● **Data block**
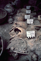 Jordan. Bab edh-Dhra', Cemetery A, Tomb A110NE. Articulated burials with remnants of cloth over female skeleton
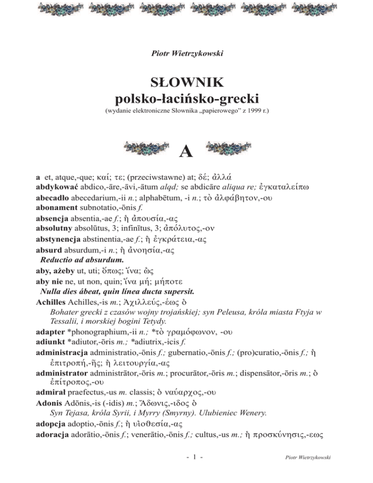 absolutny absolūtus, 3; infinītus, 3; ¤p∂lzto|./on
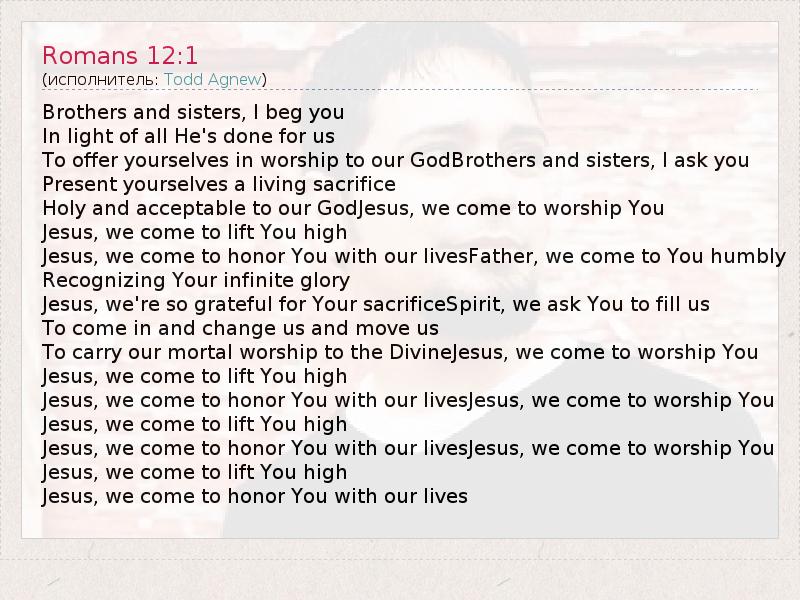 А как ты думаешь, о чем песня "Romans 12:1" ?

● **Exercise requirements**
Reproduce the data above line for line, excluding every picture.

● **Exercise result**
 Jordan. Bab edh-Dhra', Cemetery A, Tomb A110NE. Articulated burials with remnants of cloth over female skeleton
 absolutny absolūtus, 3; infinītus, 3; ¤p∂lzto|./on
 А как ты думаешь, о чем песня "Romans 12:1" ?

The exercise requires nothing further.